Zack Beauchamp is a senior correspondent at Vox, where he covers ideology and challenges to democracy, both at home and abroad. Before coming to Vox in 2014, he edited TP Ideas, a section of Think Progress devoted to the ideas shaping our political world.

American concern about terrorism has increased about fivefold in the past month, according to a Gallup poll released on Monday morning. Terrorism, Gallup found, is the problem Americans are most likely to rank as "most important" — surpassing even the economy:

(Gallup)

According to Gallup, this is the most concerned that Americans have been about terrorism in a full decade of conducting the poll. Moreover, the share of Americans ranking the economy as the most important problem has fallen to the lowest level since 2008's Great Recession.

The past month has seen two large terrorist attacks in Western countries, in Paris and San Bernardino, California. At the same time, the US economy has improved quite a bit in the past two years.

The poll found a real partisan gap. Twenty-four percent of Republicans see terrorism as the country's biggest issue today; the figure is 9 percent for Democrats. By contrast, at the beginning of November, just 4 percent of Republicans and 3 percent of Democrats saw terrorism as America's biggest problem. So while concerns about terrorism have spiked in both parties, the trend is much more pronounced among Republicans.

Peter Neumann, director of the International Centre for the Study of Radicalisation, told me last week that the risk to Americans from future ISIS attacks on the homeland is very low. The group has a very hard time getting trained operatives to the States and has relatively few homegrown sympathizers here.

ISIS's strategy, instead, depends on convincing Americans that it poses a major threat, instilling a sense of panic and terror that leads US policymakers to respond in ways that serve ISIS's interests.
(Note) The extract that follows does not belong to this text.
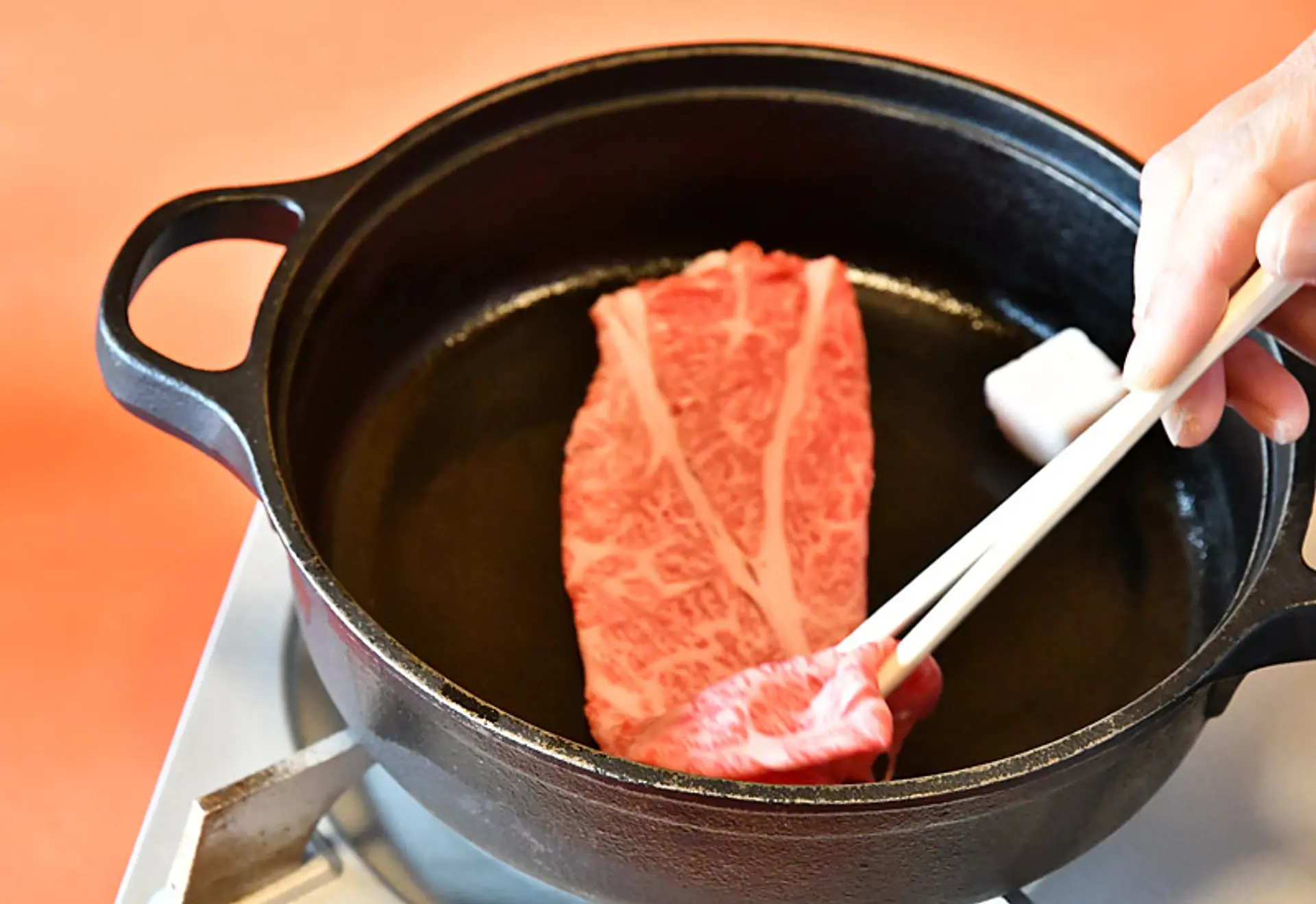 まず、火をかけ温まった鍋に牛脂をまんべんなく広げ、そしてお肉を一枚とって焼きます。

Discriminating against Muslim refugees in a way that helps ISIS paint the US as an enemy of Islam is one example.

"Terror is a sensation that depends on you believing there is more to it than there is — that there is a whole movement behind these people in San Bernardino," Neumann explained. "And the reality is, of course, there isn't."

Still, Americans are understandably concerned after Paris and San Bernardino. This poll suggests we will be hearing more about these issues as the presidential campaign continues.